Mon Mar 15 02:27:56 UTC 2010

Zooko O'Whielacronx wrote:
> 
> Maybe we shouldn't be trying to optimize too much for these sorts of
> questions. When Brian is describing the difference between Mountain
> View and Tahoe-LAFS, he often starts by saying that Tahoe-LAFS stores
> entire shares (all the blocks of the share) together in one place so
> that the uploader, downloader, and server have fewer separate objects
> to keep track of. Maybe that's the best reason to keep doing it the
> way we're doing it now.

A bit more background on this: the MV/Mnet/MojoNation approach was to
split files into fixed-size segments (I believe the largest segsize was
2MiB, or maybe 16MiB, but I'm probably wrong). Then each segment was
erasure-coded into blocks (3x was typical expansion), and each block was
uploaded completely independently to a couple servers (I think 4x was
typical replication).

For large files, this resulted in a large number of encoded blocks to
keep track of. A 200MB file could result in 100 segments, 300 blocks,
and 1200 copies of blocks.

The storage servers managed their blocks by aggregating same-sized
blocks into big slabfiles, and using a small database to map blockid to
(slabfile, offset). The number of rows in this database grew so large
that the database index could no longer be held in RAM, at which point a
basic DYHB ("Do You Have Block?") query required a disk seek, dropping
the maximum DYHB acceptance rate to about 100Hz. And because the seek
occurred in a blocking read() call, the server could do nothing else
(like serve data) while waiting for the result.
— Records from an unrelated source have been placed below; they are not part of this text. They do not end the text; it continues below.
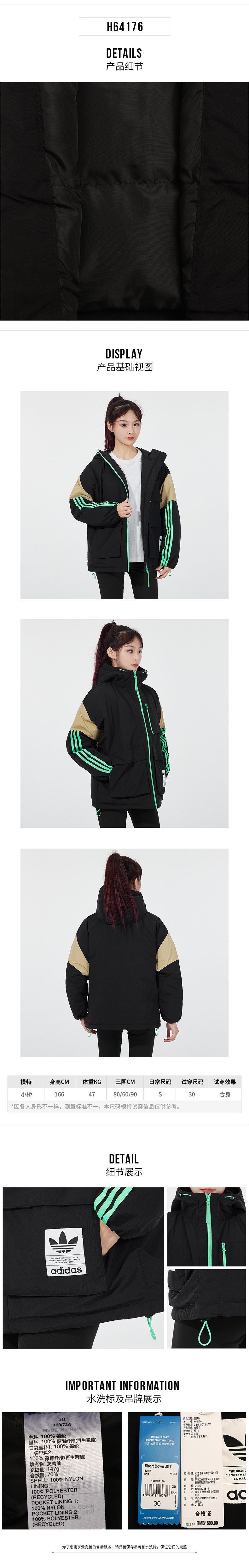 阿迪达斯三叶草女装上衣 2021冬季新款户外保暖羽绒服防风舒适连帽夹克运动服休闲外套H64176
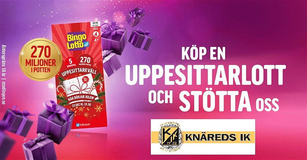 Saknar Du Bingolott till Jul och nyår? Knäreds IK har lotter kvar. Ta kontakt med Håkan Haby (Ungdomsansvarig) 076-133 26 96, Gittan Svensson 070-54 34 961
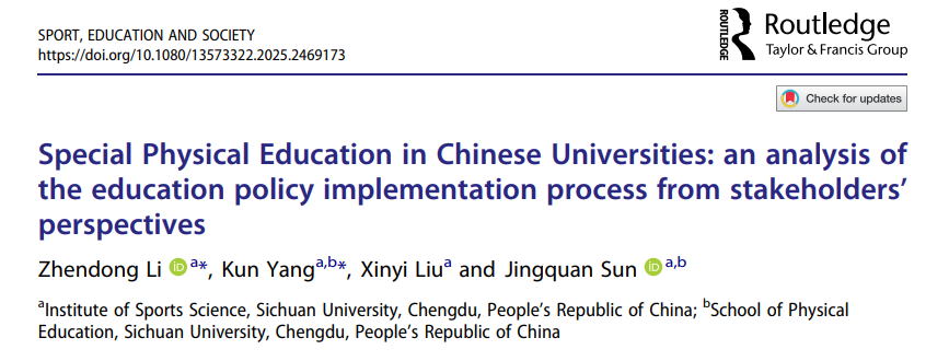 2025年2月21日,英国上市公司365硕士研究生李针冬与杨昆博士共同为第一作者,孙景权副教授为本文通讯作者。在体育领域权威期刊《Sport, Education and Society》(英国上市公司365哲学社会科学成果分类A-级期刊)发表重要研究成果。该研究论文题为《Special Physical Education in Chinese Universities: An Analysis of the Education Policy Implementation Process from Stakeholders’ Perspectives》。
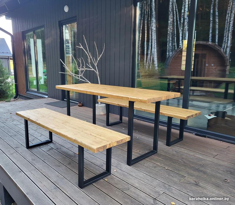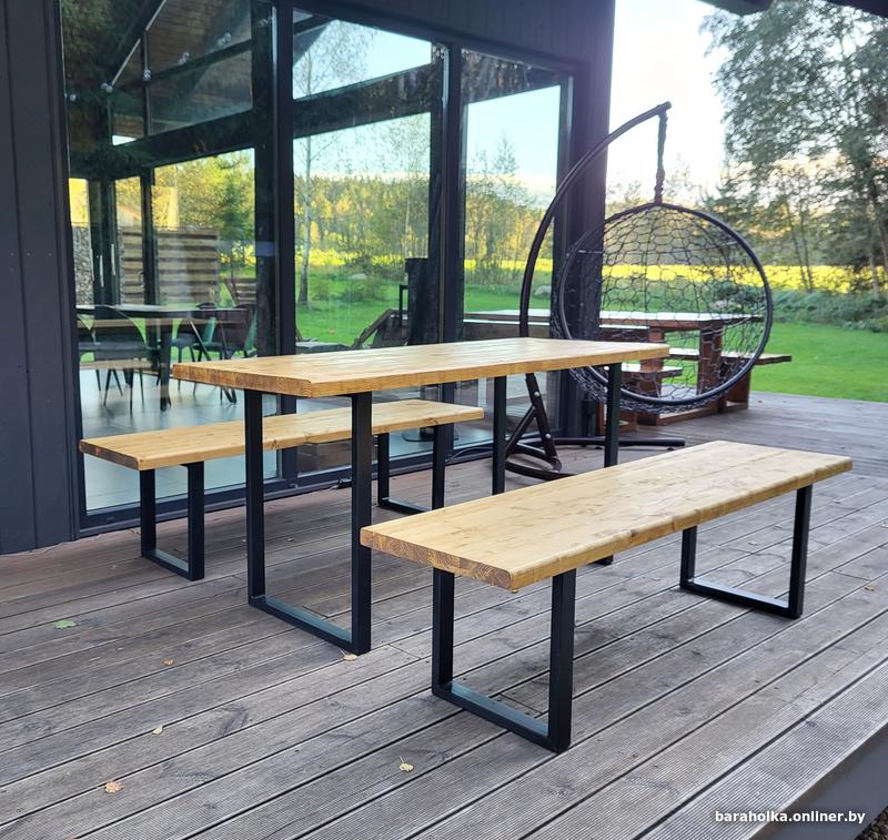 НОВЫЙ НАБОР МЕБЕЛИ В СТИЛЕ ЛОФТ. НЕ ИСПОЛЬЗОВАЛСЯ. ОТЛИЧНО ПОДОЙДЁТ ДЛЯ ДАЧИ, ТЕРРАСЫ, ВЕРАНДЫ, БЕСЕДКИ, КУХНИ ИЛИ ЛОДЖИИ. ПРОЧНЫЙ И ДОЛГОВЕЧНЫЙ КАРКАС ВЫПОЛНЕН ИЗ СТАЛИ, ПОКРАШЕН В МАТОВЫЙ ЧЁРНЫЙ ЦВЕТ. НА НОЖКИ ПРИКЛЕЕНЫ СПЕЦИАЛЬНЫЕ ФЕТРОВЫЕ НАКЛАДКИ ДЛЯ МЕБЕЛИ. СТОЛЕШНИЦА И СИДЕНЬЯ ИЗ НАТУРАЛЬНОГО ДЕРЕВА (СОСНА). ДЕРЕВЯННЫЕ ЭЛЕМЕНТЫ ПОКРЫТЫ КАЧЕСТВЕННЫМ ИТАЛЬЯНСКИМ МАСЛОМ ДЛЯ ДРЕВЕСИНЫ. НАБОР СОСТОИТ ИЗ СТОЛА И 2 СКАМЕЕК. РАЗМЕРЫ: СТОЛ – ДЛИНА 160 СМ, ШИРИНА 61 СМ, ВЫСОТА 75 СМ, ТОЛЩИНА СТОЛЕШНИЦЫ 40 ММ. СКАМЕЙКИ – ДЛИНА 160 СМ, ШИРИНА 40 СМ, ВЫСОТА 45 СМ, ТОЛЩИНА СИДЕНЬЯ 40 ММ.
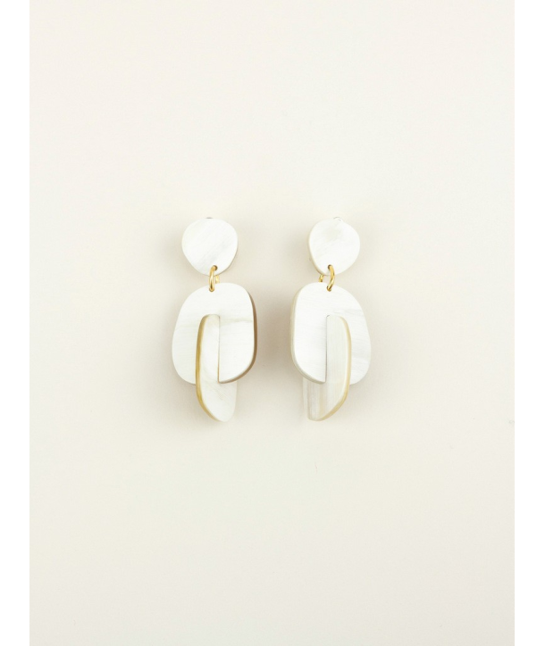 Boucles d'oreilles à clips mi-bois en corne blonde
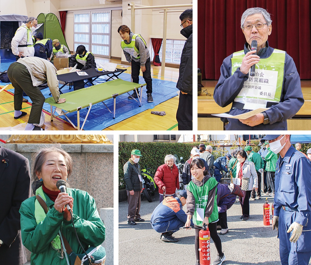 田口ひろ子会長は「能登地震のようにいつやってくるかわからない災害に向けて、何をするべきかを体験しておくことが大切になる」と訴えた。会場として同寺を提供した住職の岸顕崇氏は「実際には想定通りにいかないこともあるが、できないことを知ることも必要」と話した。消火器体験を行った小4・女児は「本物の火は簡単には消えないと思うので、もしものときは今日の体験を生かしたい」と答えた。

Worse yet, because a MV client needed to ask about 1200 objects for each
file download, the rate at which it was sending DYHB queries was high
too, making that 100Hz limit pretty troubling.

Tahoe's share-based approach (as opposed to MV's block-based approach)
means that each share results in exactly one object for a storage server
to manage. The default 3-of-10 encoding means each file creates 10
objects that need to be managed. Where a 200MB file could result in 1200
MV objects, in Tahoe it turns into 10 objects. And where MV would need
to issue 1200 DYHB queries, Tahoe only emits 10 (and could get away with
3 if it were feeling lucky).

This 100-fold reduction in the number of things that a storage server
must keep track of was the biggest reason we built Tahoe. The DB lookup
performance was killing us. In Tahoe, the number of items being tracked
(which tends to be 1 to 10 million for a full 1TB drive) is small enough
that we don't even use a DB. Instead, we just use the filesystem
(tahoe's dead-simple storage/shares/$PREFIX/$SI/$SHNUM scheme). So far,
linux+ext3 seem to do a decent job of caching that much structure in
RAM. (although I think it's been a looong time since we did any
server-performance testing, like how many get_bucket() calls per second
we can make).

cheers,
 -Brian